3. Apply Equilibrium Conditions:

• Equilibrium Perpendicular to the Incline (y-axis): Since there is no acceleration perpendicular to the inclined plane: ΣF_y = 0 N - mg cos α = 0 N = mg cos α

• Forces in the Plane of the Incline (x-z plane): The forces tending to cause motion are:

  • Along x-axis: F_x = mg sin α - T cos β (down the incline)
  • Along z-axis: F_z = T sin β (sideways)

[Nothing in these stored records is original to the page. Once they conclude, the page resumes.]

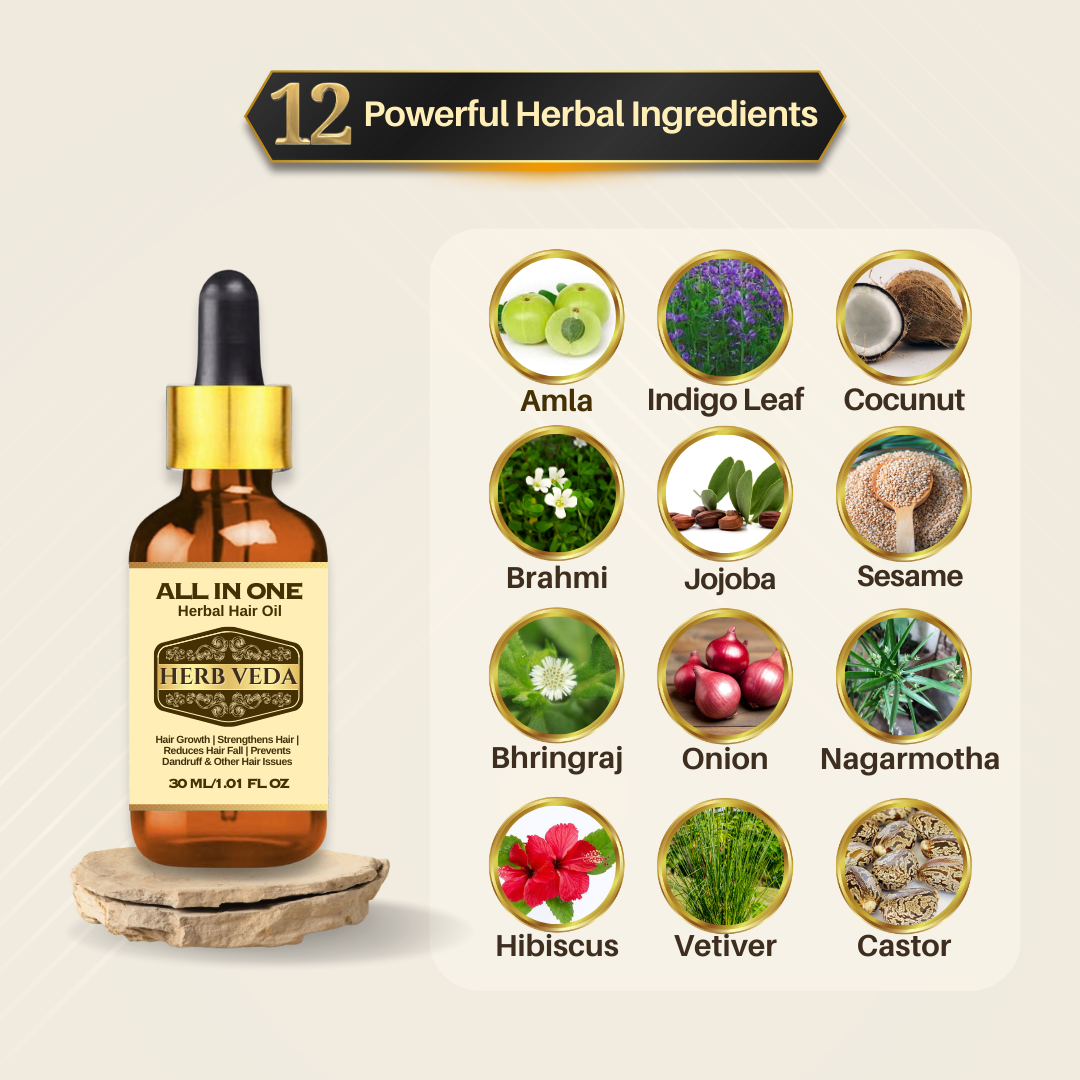 Introducing our All-in-One Herbal Hair Oil, a blend of nature’s finest ingredients Which is Made Of the goodness of :
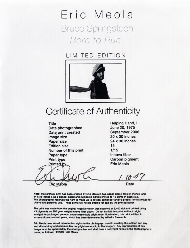 Helping Hand, I (Bruce Springsteen), rare signed print by Eric Meola
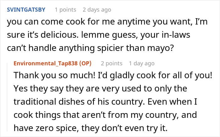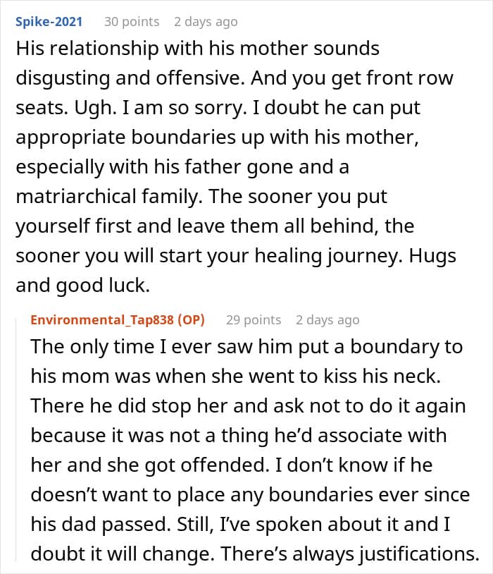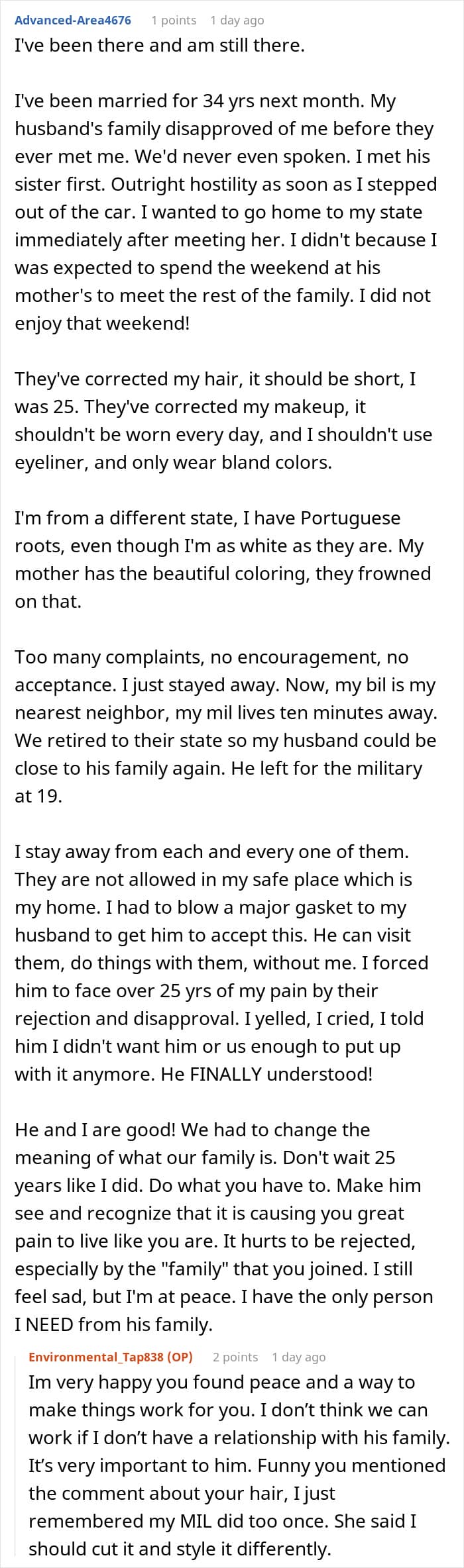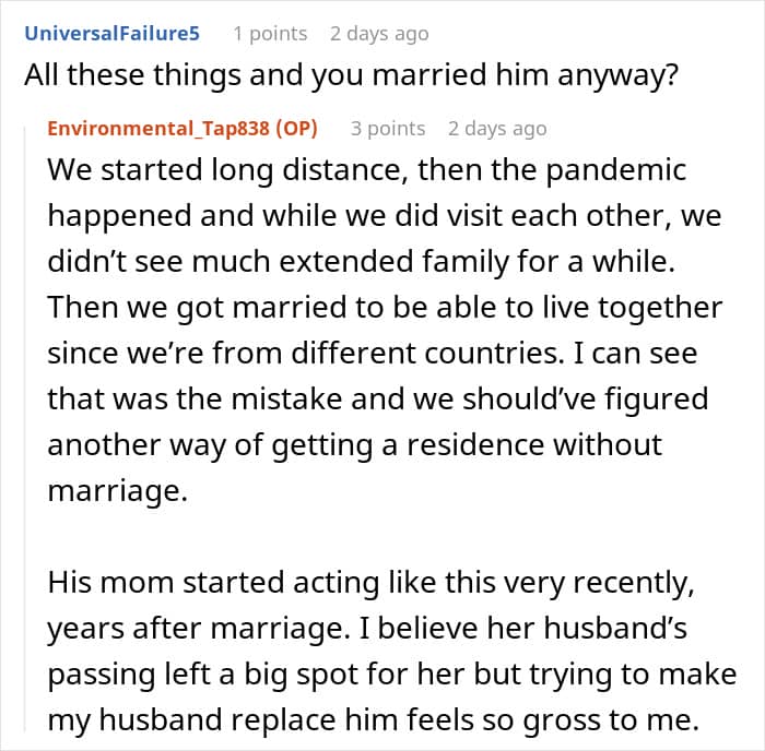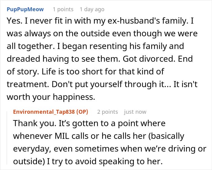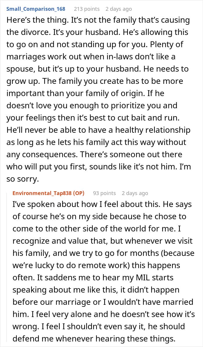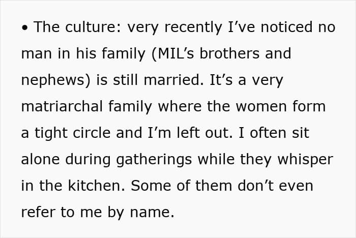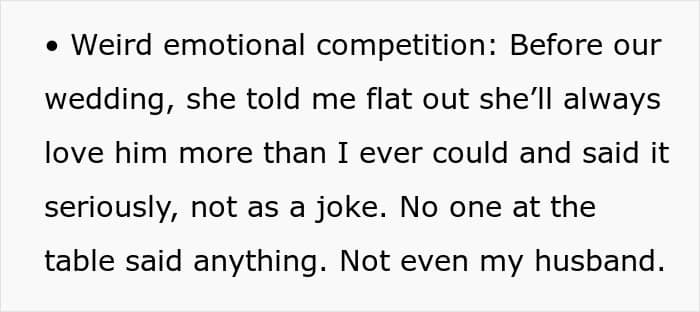 The boundary-crossing is a family sport. Her MIL makes passive-aggressive jokes about her being a foreigner who “stole her son” (which her husband laughs at) and mocks her love of books. The cherry on top was the pre-wedding declaration from her MIL that she’d “always love him more,” a statement met with deafening silence from the entire family.
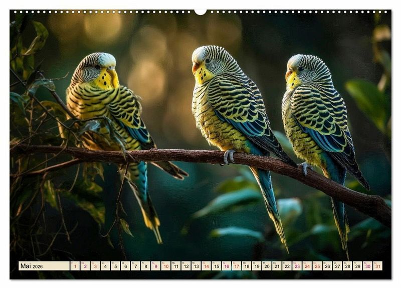 Der Fotokünstler Peter Roder hat farbenfrohe KI-Bilder dieser wunderschönen Tiere gestaltet. Ein Muss für jeden Wellensittich-Liebhaber und ein Hingucker für das ganze Jahr.
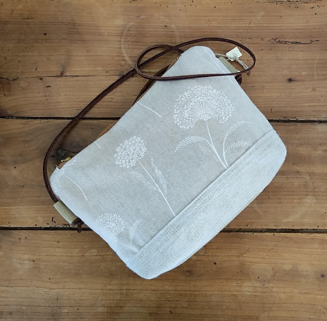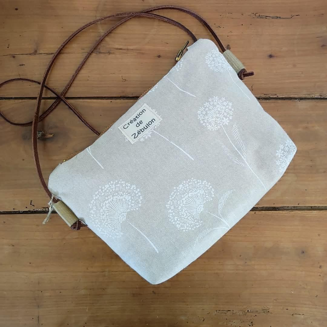 Tissu coloris lin fleurs blanches

  For the block to be on the verge of slipping, the magnitude of the resultant force tending to cause motion must be balanced by the maximum static friction force μN. The magnitude of the resultant force F_resultant is: F_resultant = \sqrt{F_x^2 + F_z^2} F_resultant = \sqrt{(mg \sin \alpha - T \cos \beta)^2 + (T \sin \beta)^2}

  For no slipping, F_resultant \le \mu N. For the minimum value of μ (i.e., on the verge of slipping): F_resultant = \mu_{min} N Substituting N = mg cos α: \mu_{min} = \frac{\sqrt{(mg \sin \alpha - T \cos \beta)^2 + (T \sin \beta)^2}}{mg \cos \alpha}

4. Minimize μ with respect to T:

To find the minimum μ, we need to minimize the numerator with respect to T. Let's analyze the term inside the square root: K = (mg \sin \alpha - T \cos \beta)^2 + (T \sin \beta)^2 Expand the expression: K = (mg \sin \alpha)^2 - 2 T (mg \sin \alpha) \cos \beta + T^2 \cos^2 \beta + T^2 \sin^2 \beta K = (mg \sin \alpha)^2 - 2 T (mg \sin \alpha) \cos \beta + T^2 (\cos^2 \beta + \sin^2 \beta) Since cos^2 β + sin^2 β = 1: K = T^2 - (2 mg \sin \alpha \cos \beta) T + (mg \sin \alpha)^2

This is a quadratic equation in T of the form aT^2 + bT + c, where a=1, b = -2 mg sin α cos β, and c = (mg sin α)^2. The minimum value of a quadratic aT^2 + bT + c (with a > 0) occurs at T = -b / (2a). So, the tension T at which μ is minimum is: T = \frac{-(-2 mg \sin \alpha \cos \beta)}{2 \times 1} T = mg \sin \alpha \cos \beta

This matches option (C).

5. Calculate μ_{min}:

Now substitute the value of T back into the expression for K: K_{min} = (mg \sin \alpha \cos \beta)^2 - (2 mg \sin \alpha \cos \beta) (mg \sin \alpha \cos \beta) + (mg \sin \alpha)^2 K_{min} = (mg \sin \alpha)^2 \cos^2 \beta - 2 (mg \sin \alpha)^2 \cos^2 \beta + (mg \sin \alpha)^2 K_{min} = (mg \sin \alpha)^2 (1 - \cos^2 \beta) K_{min} = (mg \sin \alpha)^2 \sin^2 \beta

Now, substitute K_{min} into the expression for μ_{min}: \mu_{min} = \frac{\sqrt{K_{min}}}{mg \cos \alpha} \mu_{min} = \frac{\sqrt{(mg \sin \alpha)^2 \sin^2 \beta}}{mg \cos \alpha} \mu_{min} = \frac{mg \sin \alpha \sin \beta}{mg \cos \alpha} (Assuming sin β >= 0 for the relevant range of β) \mu_{min} = \frac{\sin \alpha \sin \beta}{\cos \alpha}

This matches option (A).

Both options (A) and (C) are correct based on the derivation.